[Information provided]

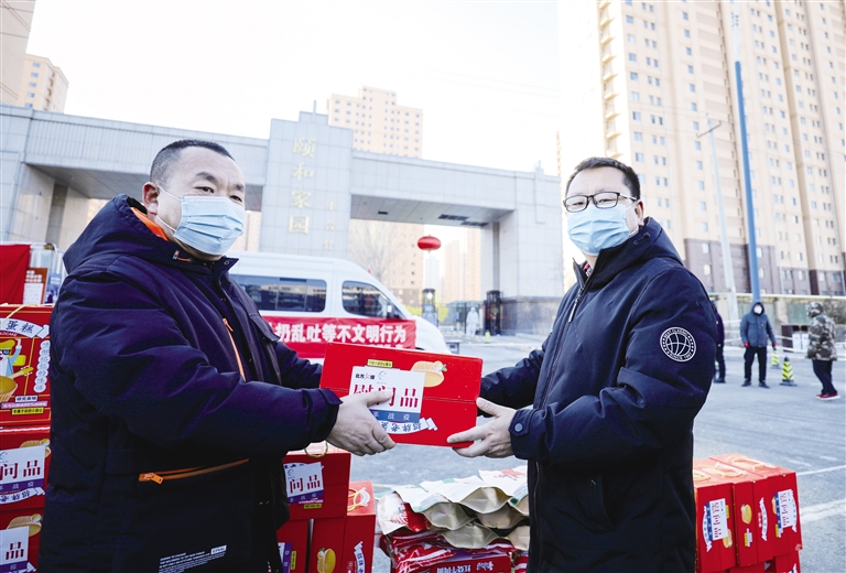 《北方新报》总经理陈曦照(右)向社区赠送慰问品
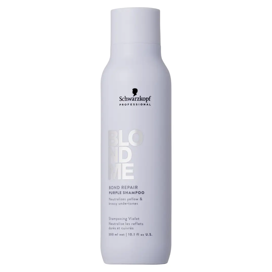 Purple Shampoo er en pigmentert shampoo for blondt og lysnet hår som fjerner varme undertoner. BLONDME Bond Repair Purple Shampoo med BOND REPAIR TEKNOLOGI nøytraliserer gule undertoner og hjelper til med å forhindre uønsket varme skjær, samtidig som den skånsomt renser og pleier håret. Den er beriket med mandelolje og kornblomst og opprettholder en frisk, kald tone og forbedre klarheten i den blonde fargen uten å endre hårfargen. Den gjenoppretter glans og styrker håret ved å bygge indre hårbindinger, og reparerer skade tilsvarende to bleke-behandlinger etter kun én gangs bruk.
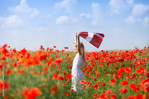 #449895900Blond girl holding flag of Latvia in the poppy field. Declaration of Independence Day. Ligo. Proclamation of the Republic. Travel and learn latvian language concept.

[/Information provided]

* About this task:
Since only the text is needed, retype the data above exactly and omit the pictures.

* Written response:
 《北方新报》总经理陈曦照(右)向社区赠送慰问品
 Purple Shampoo er en pigmentert shampoo for blondt og lysnet hår som fjerner varme undertoner. BLONDME Bond Repair Purple Shampoo med BOND REPAIR TEKNOLOGI nøytraliserer gule undertoner og hjelper til med å forhindre uønsket varme skjær, samtidig som den skånsomt renser og pleier håret. Den er beriket med mandelolje og kornblomst og opprettholder en frisk, kald tone og forbedre klarheten i den blonde fargen uten å endre hårfargen. Den gjenoppretter glans og styrker håret ved å bygge indre hårbindinger, og reparerer skade tilsvarende to bleke-behandlinger etter kun én gangs bruk.
 #449895900Blond girl holding flag of Latvia in the poppy field. Declaration of Independence Day. Ligo. Proclamation of the Republic. Travel and learn latvian language concept.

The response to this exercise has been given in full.